Every memory_recall runs two searches in parallel and merges them with RRF.

Why hybrid?

Dense vector search and full-text search fail in complementary ways:

Dense (pgvector cosine) fails when: The query contains specific identifiers — names, project codes, version numbers — that embeddings "smear" across the vector space. memory_recall("Threadline auth bug") might not surface memories that mention Threadline by name.

Full-text (tsvector) fails when: The query is conceptual. memory_recall("how did I handle authentication?") won't match memories using different terminology like "login flow" or "JWT tokens."

Reciprocal Rank Fusion

Results from both searches are merged with RRF:

score(doc) = 1/(rank_dense + 60) + 1/(rank_fts + 60)

k=60 is the standard constant from the original 2009 RRF paper. It dampens the influence of rank-1 outliers without losing top-ranked signal.

A document that ranks 1st in dense and 5th in FTS will score:

1/(1+60) + 1/(5+60) = 0.0164 + 0.0154 = 0.0318

A document that ranks 1st in dense but not in FTS at all:

1/(1+60) + 0 = 0.0164

Implementation

typescript
// Both searches fire in parallel
const [dense, fts] = await Promise.all([
  reader.query(`
    SELECT id, content, 1 - (emb.embedding <=> $1::vector) AS score
    FROM episodic_memories e
    JOIN embeddings emb ON emb.memory_id = e.id
    WHERE e.profile_id = $2
    ORDER BY score DESC LIMIT $3
  `, [vectorLiteral, profileId, fetchN]),

  reader.query(`
    SELECT id, content, ts_rank_cd(fts, plainto_tsquery('english', $1)) AS rank
    FROM episodic_memories
    WHERE profile_id = $2 AND fts @@ plainto_tsquery('english', $1)
    ORDER BY rank DESC LIMIT $3
  `, [query, profileId, fetchN]),
])

// RRF merge
const scores = new Map<string, number>()
const addRanks = (rows) => rows.forEach((r, i) => {
  scores.set(r.id, (scores.get(r.id) ?? 0) + 1 / (i + 1 + 60))
})
addRanks(dense.rows)
addRanks(fts.rows)

Fetch multiplier

Each type (episodic, semantic, identity) fetches limit × 3 candidates before RRF merge. This ensures the best results from each source have a chance to appear in the final top-N, even if they rank differently in dense vs FTS.

Full-text indexes

The fts column on each memory table is a generated tsvector:

sql
fts tsvector GENERATED ALWAYS AS (to_tsvector('english', content)) STORED

GIN indexes are created automatically.
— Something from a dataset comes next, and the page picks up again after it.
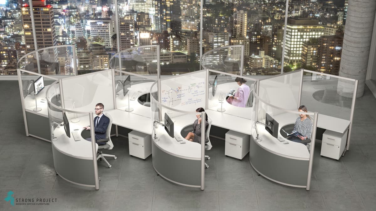 Curved Workstations with Privacy Screens for Social Distancing with Modern Style! This curved workstation “privacy design” is 66”H, so that there is sufficient shielding if someone were to cough or sneeze at their desk. The workstation components are made of easily cleanable materials such as laminate, acrylic and marker board. Shown in a 66”H x 96” Diameter workstation footprint. We have the ability to customize Heights for more or less privacy.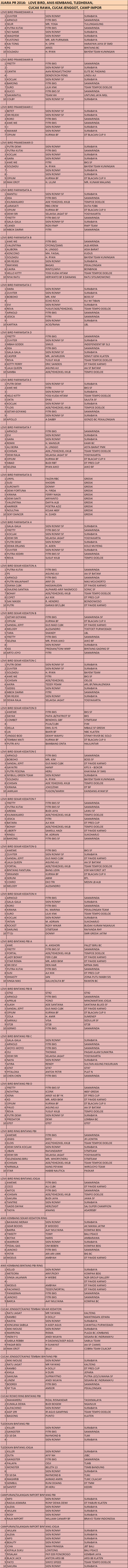 Judul : JUARA PIALA RAJA: LOVE BIRD DLL

Updates to content automatically update fts — no manual maintenance.

Cloud backends

The cloud backends (SQLite + hnswlib) use hnswlib for dense search and a keyword boost heuristic (substring match on the lowercased query) instead of SQL full-text search. Quality is slightly lower than the Postgres backend, which is an acceptable tradeoff for the storage sovereignty.

Full-text search via SQLite FTS5 is a planned improvement.